私は二人の言葉を確認すべく、洗濯かごはそのままに1階へと下りて携帯電話を取りに行き、その後ろを子供達が追いかけるようにしてついてくる。
『……あ、もしもし、静雄さん?ごめんね、仕事だった?』
[いや、今日は休みだ。んで、どうしたんだ?お前から電話なんて珍しいじゃねぇか]
『うん、まあ……。ええと……静雄さんって二人からお泊りしたい、って言われなかった?』
[お泊り……?……ああ、何か言ってたような、言ってなかったような……悪ぃ、あんま覚えてねぇ]
「シズちゃーんっ!ぼく、きょうシズちゃんのおうちにおとまりするー!」
「あたしもするーっ!」
[……愛子、どういう事だ?]
久しぶりに静雄さんに電話をする為、少しだけ名前を探すのに手間取った。だが、電話をすればすぐに彼は出てくれて少し眠たそうな声音で言葉を交わしていく。

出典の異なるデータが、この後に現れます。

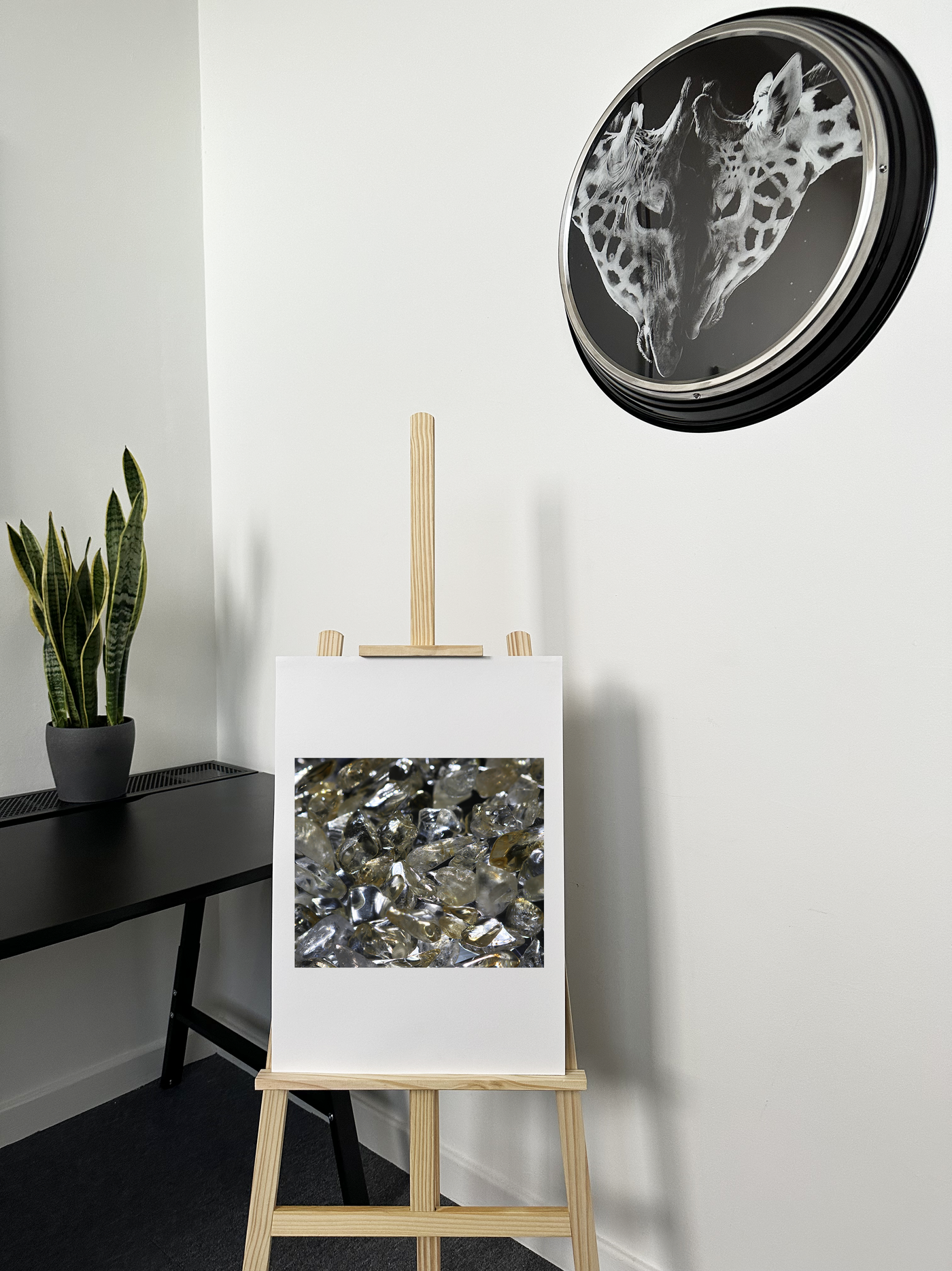 Bring a touch of avant-garde artistry to your walls with this captivating Fine Art print. The skilled photographers at 101 Canvas Prints have transformed a collection of glass fragments into a mesmerising study of light and form, creating a truly unique piece of wall art.

その中で二人は早くお泊りしたいのか、私の横から大きな声で電話越しからでも聞こえる声を出し、自分達の意志を伝えると静雄さんは訳が分からない、と言わんばかりに尋ねてくる。
『静雄さんの家に泊まりたい、って聞かないんだよね……。前に一回お泊りしたい、って言ったら断られた、って言ってるんだけど……でも、今度は許してくれる、って……』
簡単に言えば二人の我儘なのだが、静雄さんは[別に構わねぇんだけどよ]と僅かに歯切れの悪い言葉を吐き出し、何か考えているようだ。